Reproduce the material below only from the line with "D’oku Sanat ve Edebiyat dergisinin" to the line with "Tre gensere og", both included, keeping each line exact and dropping the pictures.
Top of MATERIAL TO PROCESS
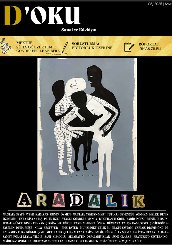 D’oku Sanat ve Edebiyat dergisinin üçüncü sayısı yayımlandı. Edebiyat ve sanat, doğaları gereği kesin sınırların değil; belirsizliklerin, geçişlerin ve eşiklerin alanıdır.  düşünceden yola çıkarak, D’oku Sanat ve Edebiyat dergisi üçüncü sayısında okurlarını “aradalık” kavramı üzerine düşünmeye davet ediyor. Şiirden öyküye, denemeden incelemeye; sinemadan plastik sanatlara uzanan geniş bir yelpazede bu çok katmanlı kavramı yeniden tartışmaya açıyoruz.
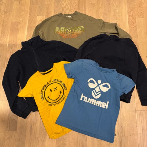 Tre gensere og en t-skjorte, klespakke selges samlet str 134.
Bottom of MATERIAL TO PROCESS
Top of MATERIAL TO PROCESS
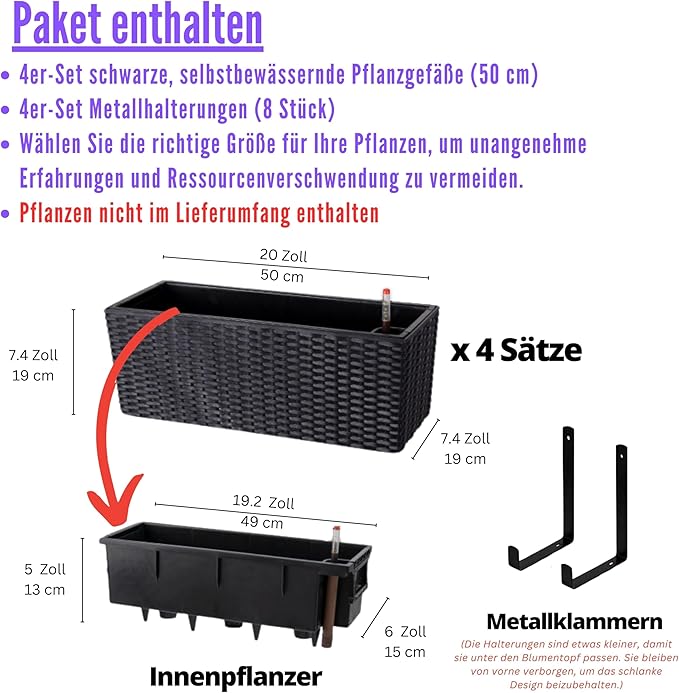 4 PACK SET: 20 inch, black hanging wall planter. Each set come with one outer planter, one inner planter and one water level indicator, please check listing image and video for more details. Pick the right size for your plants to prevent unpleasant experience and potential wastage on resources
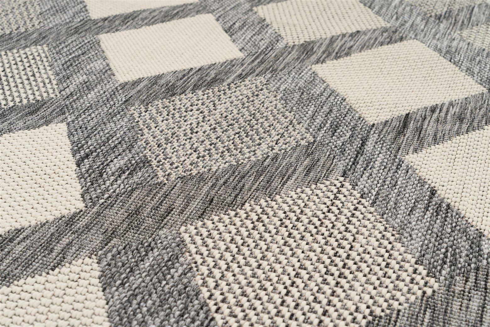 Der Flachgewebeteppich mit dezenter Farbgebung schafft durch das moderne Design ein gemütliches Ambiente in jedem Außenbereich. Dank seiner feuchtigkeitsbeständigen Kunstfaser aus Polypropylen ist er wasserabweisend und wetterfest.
Bottom of MATERIAL TO PROCESS
ANSWER BELOW:
 D’oku Sanat ve Edebiyat dergisinin üçüncü sayısı yayımlandı. Edebiyat ve sanat, doğaları gereği kesin sınırların değil; belirsizliklerin, geçişlerin ve eşiklerin alanıdır.  düşünceden yola çıkarak, D’oku Sanat ve Edebiyat dergisi üçüncü sayısında okurlarını “aradalık” kavramı üzerine düşünmeye davet ediyor. Şiirden öyküye, denemeden incelemeye; sinemadan plastik sanatlara uzanan geniş bir yelpazede bu çok katmanlı kavramı yeniden tartışmaya açıyoruz.
 Tre gensere og en t-skjorte, klespakke selges samlet str 134.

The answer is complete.